This weekend, the stunning commercial triumph of “It Ends with Us,” a dark romantic drama starring Blake Lively (the only big hit this summer that isn’t an escapist fantasy), was enough to send the entire film industry into a tailspin. It should have told the industry that it needs to make different kinds of movies. these But I'm not sure that Hollywood film culture, as it stands, can absorb this lesson as long as it keeps a term like “female films” in its mind, and applies that term lazily and reflexively to a film like “We End Up.”
For a long time, the phrase “girl movies” was a throwback to the snarky feminist power play. I never liked the term, and refused to use it in my reviews. But I could see why it had become popular. “Girls” was a relic of the sexualized 1960s, and women’s use of “girls” in a modern way was like gays reclaiming “gay.” It transformed something arrogant into something liberating. The combination of “girls” and “girl movies” was an assertion of cultural identity.
It was all part of a new wave of conscious feminism that began around the time of Pretty Woman and peaked in the era of Sex and the City. A feminist film was, by definition, a romantic comedy or perhaps sometimes a non-comedic romantic comedy that drew women into it out of some kind of primal impulse. It was an update of the old studio system concept of the “woman’s picture,” and by the time the 1990s hit its peak, there were so many women’s films that the stereotype of women no longer existed. monitoring The feminist movie has become a popular icon – the now more than a little embarrassing image of a woman home alone, staring at a fun late-night movie on TV while laughing and crying into a cup of designer ice cream.

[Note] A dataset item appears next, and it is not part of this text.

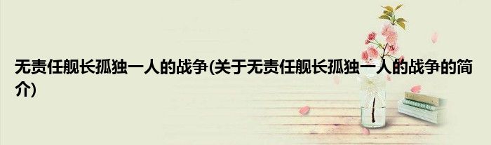 本文关于无责任舰长孤独一人的战争的简介就讲解完毕,希望对大家有所帮助。
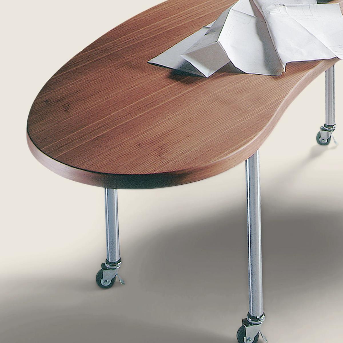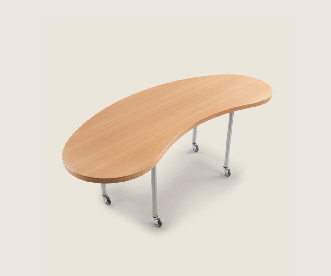 Металлические ножки с чёрной или сатинированной отделкой придают столу современный и стильный вид. Их устойчивость и прочность обеспечивают надёжную опору. Поворотные самоблокирующиеся колёса добавляют мобильности, позволяя легко перемещать стол в любое место. Это особенно удобно в открытых планировках, где важна гибкость и свобода передвижения.

What was really happening was that women were claiming ownership of a new kind of film that was actually aimed at them. And the term “women’s film” was an assertion of that ownership. If the implication of the term was a sentimental smile at the idea that these films were often so bad, it could also be a form of authority. Women who loved “women’s film” were saying, “We have no illusions about what these films are. They’re wide-eyed romantic fairy tales, they’re fantasy, they’re cheesy. But they’re actually fantasy films.” our “Cheese.”
Many would agree that the term “female films” (reminiscent of the Nora Ephron era) is outdated. They might say in response: Let’s invent a new term! But that’s not really the point. What’s outdated isn’t the phrase. Nor is it the idea of putting these films into a category that confuses feminine consciousness with vulgarity.
No, what makes the term “female films” dangerously outdated is the very idea that these films—any films—have such a neat, specific presentation. It all started out as a marketing shorthand, but it has become a pernicious cultural lie. Let’s be clear about what that lie is.
Yes, there are films that appeal to women, men, African Americans, or whatever. But that doesn’t mean these films are in a self-sufficient demographic haven. In the 1990s, horror and action films were seen as genres aimed solely at men. Yet women were gradually turning up at these films in increasing numbers, making this mythical presentation model obsolete. (Now, horror audiences are a potent mix.)
To properly understand the female film audience, imagine for a moment that you could somehow collect a specific statistic for the female film audience. Each person individually Who among us didn’t go to see a romantic movie in the theater in the 90s and 2000s? I have no doubt that more than half of them were women. But what about the men? Were they all sitting there, dragged along by their wives, girlfriends, and lovers? Did they not enjoy the movies? Do men not like romantic comedies? Do they just sometimes not seek them out? Forgive me, but do men enjoy romantic movies? they Don't you like crying at the end too?
In many ways, we live in a progressive society, where more and more people—of every gender, sexual orientation, and race—don’t conform to stereotypes. That’s the whole point of the culture we’ve been fighting for: not to pigeonhole people. But when it comes to talking about the tastes and behaviors of moviegoers, we’re stuck, on some level, in the 1950s. And the appalling thing is that we’re using these stereotypical tropes of thinking to limit the movies that get made.
Breaking news: This is not the 1950s, or 1985 or 1995. If we look at the huge success of It Ends With Us and say, “Of course! It was based on a famous female novel. All these women were in the movie. Sometimes women can really talk at the box office!”… If we think that way, we are undermining the power of a movie like this in the marketplace. Is it a women’s movie? Or a “women’s movie?” Maybe. But it is also a human drama, pure and simple. It is the kind of mainstream, watchable movie that we should get back to. If women are pioneers in this field, that’s fine, but let’s follow their lead and stop thinking of their taste as something we should put in a box.